Lewis found the dream team’s diagnosis — and its resulting immediate end of his basketball career — to be a nightmare, so he sought a second opinion. He consulted with Gilbert Mudge, a well known cardiologist who ran his own tests and declared that Lewis was not suffering from any sort of cardiomyopathy but merely from a curable neurocardiogenic fainting disorder.
Approximately two months after receiving Mudge’s favorable diagnosis, Reggie Lewis collapsed and died shooting baskets at a Boston gym. An autopsy revealed that his heart was abnormal, enlarged and extensively scarred. The state medical examiner was vague about the description of the scarring and the how it was likely caused.
Hidden Truth
Overarching this entire sad saga is the distinct possibility that Lewis abused cocaine. If this is true (his widow denies it vehemently), his failure to disclose the drug use directly impacted Mudge’s findings and those of the dream team as well. The author of this study finds plenty of blame to distribute among the blazing egos of the dream team docs, Gilbert Mudge and Reggie Lewis himself.

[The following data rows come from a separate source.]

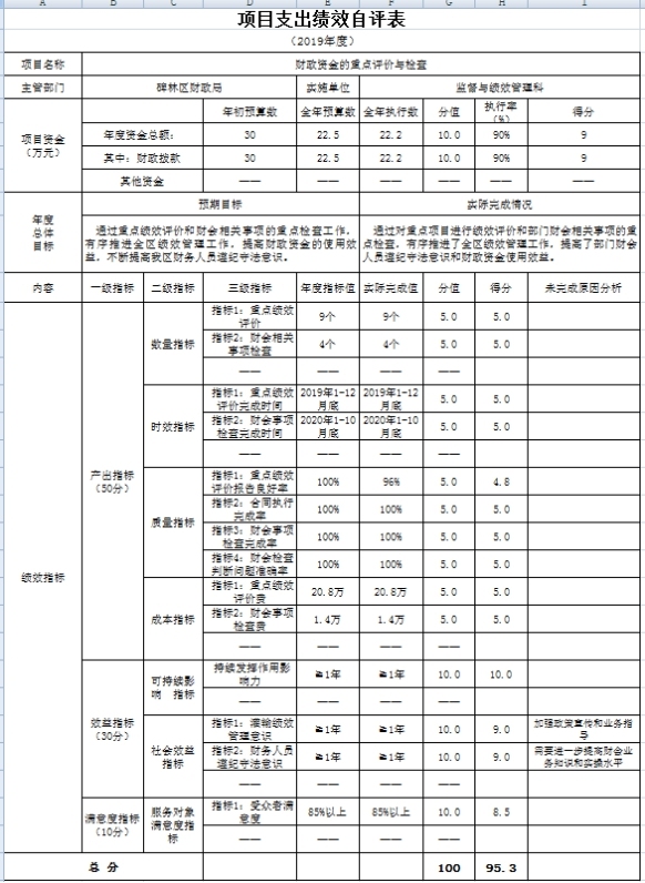 财政资金的重点评价与检查项目绩效自评综述:根据年初设定的绩效目标,项目自评得分95.3分。项目全年预算数22.5万元,执行数 22.2万元,完成预算的90%。主要产出和效果:通过对重点项目进行绩效评价和部门财会相关事项的重点检查,有序推进了全区绩效管理工作,提高了部门财会人员遵纪守法意识和财政资金使用效益。发现的主要问题:服务对象满意度指标得分略低,需要改进和提高。下一步改进措施:需要进一步加强预算绩效管理相关政策宣传和业务指导,努力提高部门财会业务知识和实操水平,不断完善全面规范透明、标准科学、约束有力的预算制度,切实提高财政资源配置效率和财政资金使用效益。
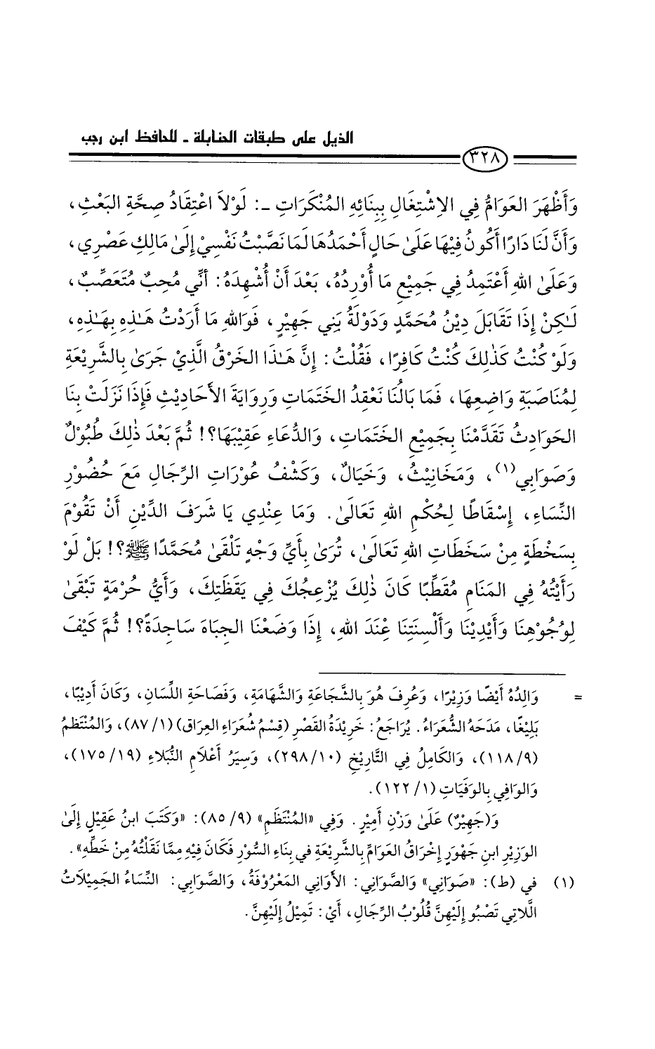 لولا اعتقاد صحة البعث، وأن لنا دارا أكون فيها على حال أحمدها، لما نصبت نفسي إلى مالك عصري، وعلى الله أعتمد في جميع ما أورده، بعد أن أشهده: أني محبٌ متعصبٌ. لكن إذا تقابل دين محمد ودولة بني جهير، فوالله ما أردت هذه بهذه، ولو كنت كذلك كنت كافرا. فقلت: إن هذا الخرق الذي جرى بالشريعة لمناصبة واضعها. فما بالنا نعقد الختمات ورواية الأحاديث؟ فإذا نزلت بنا الحوادث تقدمنا بجميع الختمات، والدعاء عقيبها، ثم بعد ذلك طبول وصَواني، ومخانيث، وخيال، وكشف عورات الرجال مع حضور النساء، إسقاطا لحكم الله تعالى.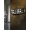 L?mpara de pared de 2 luces realizada en metal acabado cromo. Dos dobles tulipas, las exteriores de cristal moldeado y las interiores de copens facetados de cristal transparente y smoke.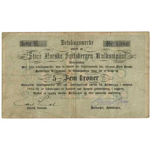 Betalingsmerke utstedt av Store Norske Spitsbergen Kulkompani Aktieselskap Mot dette betalingsmerke, som er utstedt for tilgodehavende løn, utleverer Store Norske Spitsbergen Kulkompani, til ihændehaveren varer for et -beløp av 5 - Fem kroner Ubenyttede betalingsmerker blir ved ihændehaverens avreise fra Spitsbergen i sæsonen 1922/23 at tilbakelevere til kontoret mot beløpets godskrivning i opgjøret. Merket er ugyldig utenfor Spitsbergen og efter sæsonens avslutning. Styrets formand. Kontordjef, Spitsbergen. (Translation: Payment note issued by The Great Norwegian Spitsbergen Coal Company Against this payment note, which is issued for outstanding wages, The Great Norwegian Spitsbergen Coal Company delivers to the bearer goods for an amount of 5 kroner Unused notes when the beares departs from Spitsbergen during the season 1922/23 is returned to the office against credit of the amount in the settlement. The note is invalid outside Spitsbergen and after the end of the season. Chairman of the board. Office manager, Spitsbergen.) |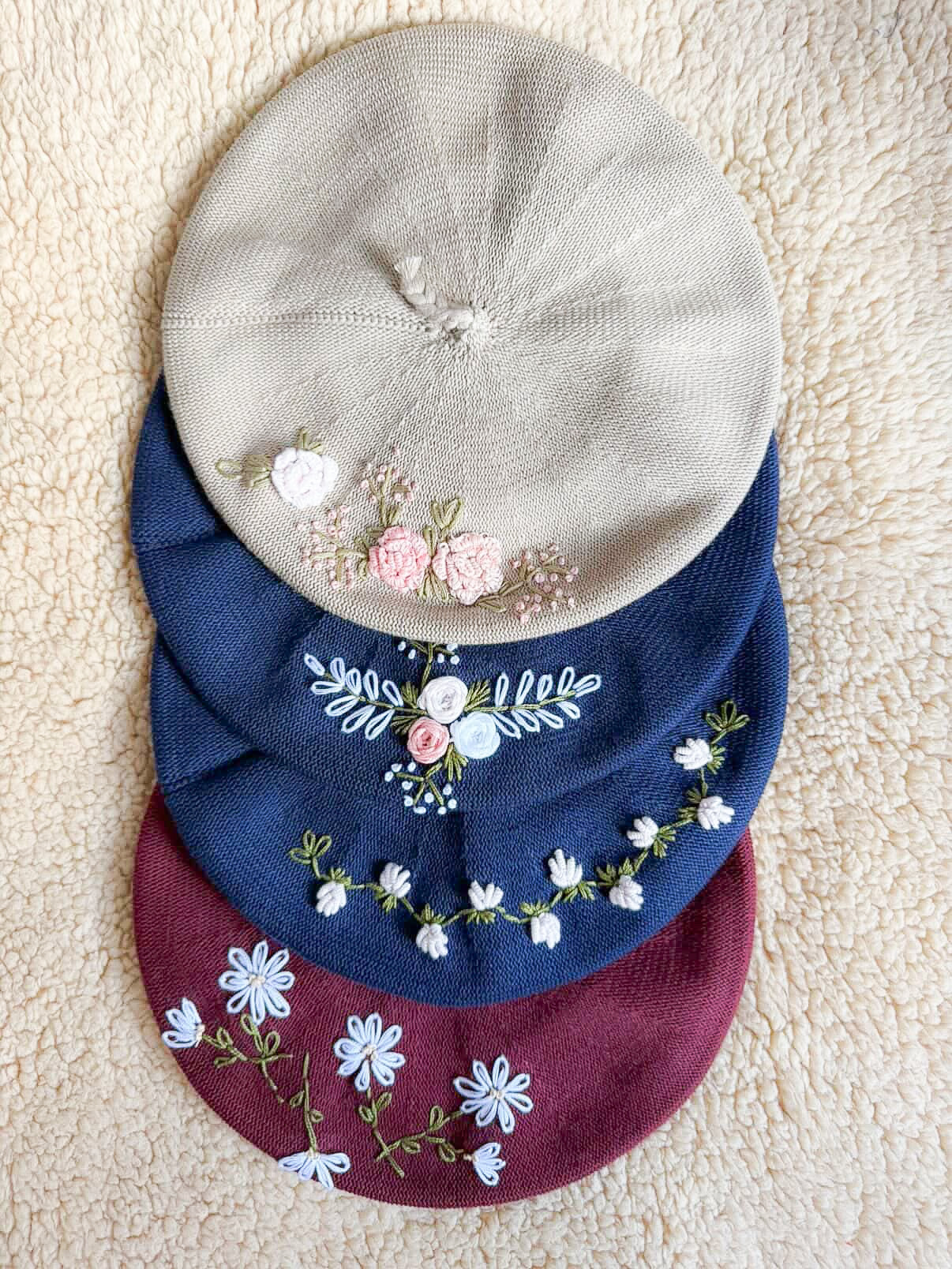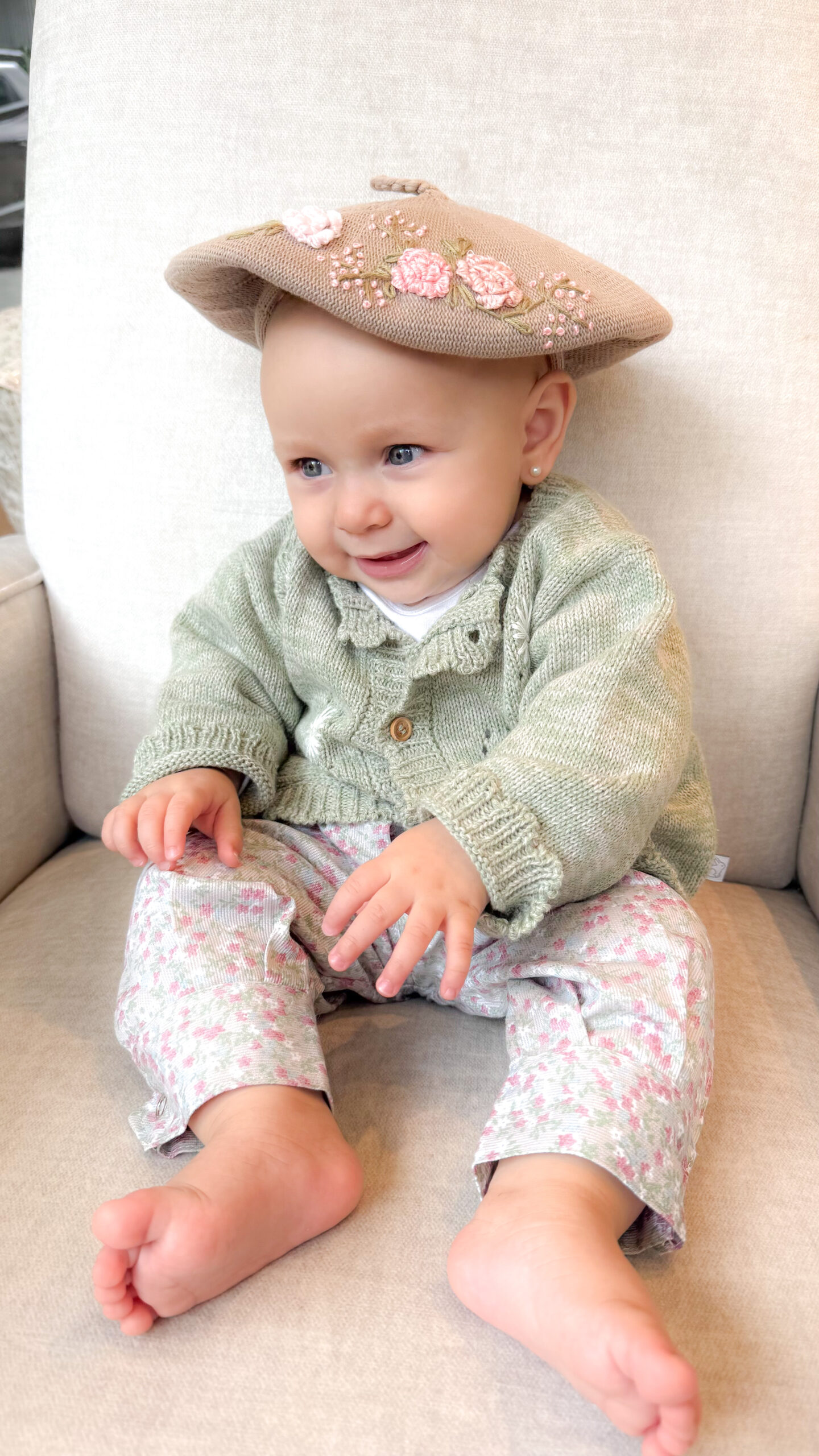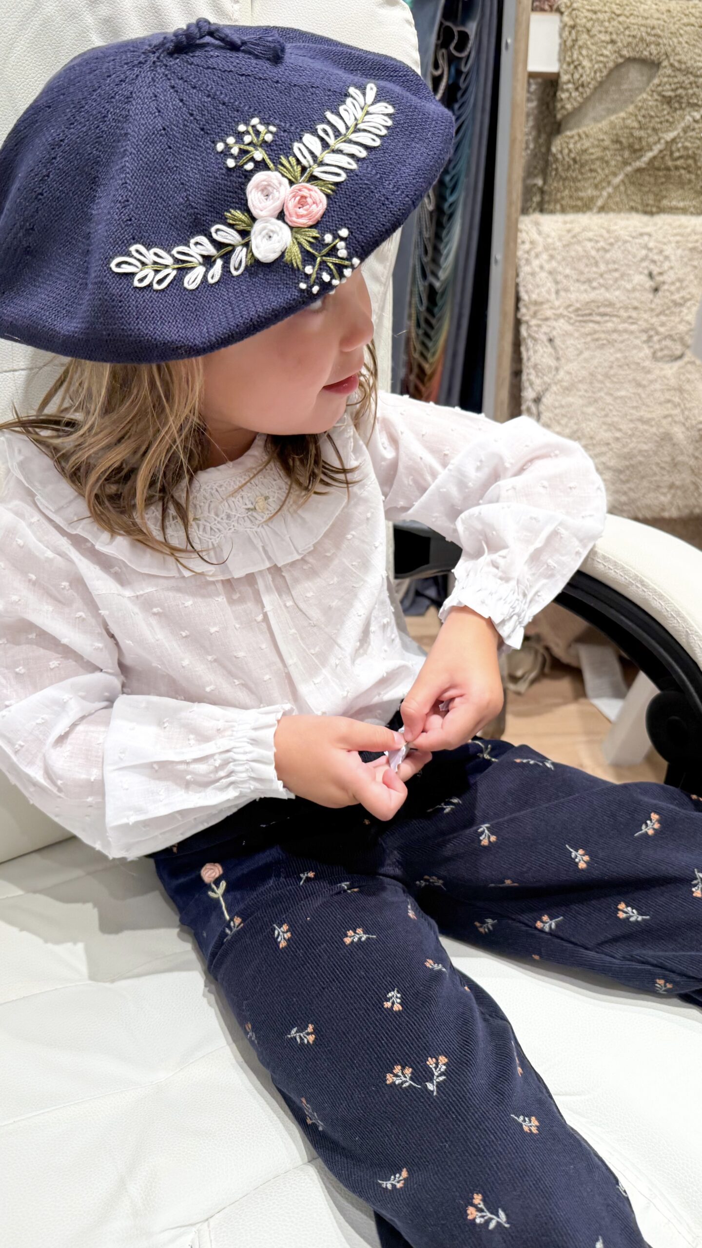 Boina Liberty bordada a mano, disponible en tamaño para bebé de 3 a 12 meses (tamaño chico) y de niña de 1 a 12 años aprox. (tamaño grande).

It is a cautionary tale, but the lessons are probably beyond the reach of the ambitious New York Knicks and their new center. In the best of worlds, people would look at all the available information and make informed judgments concerning Eddie Curry’s future. The world of professional sport is far from ideal — there is simply too much at stake. So here’s wishing Mr. Curry the best of luck as he throws up his jump shots and fights for his rebounds. Every time he loses his balance and falls to the floor, we’ll all just hold our collective breaths — to see if he is able to get up off the floor and go on with the game.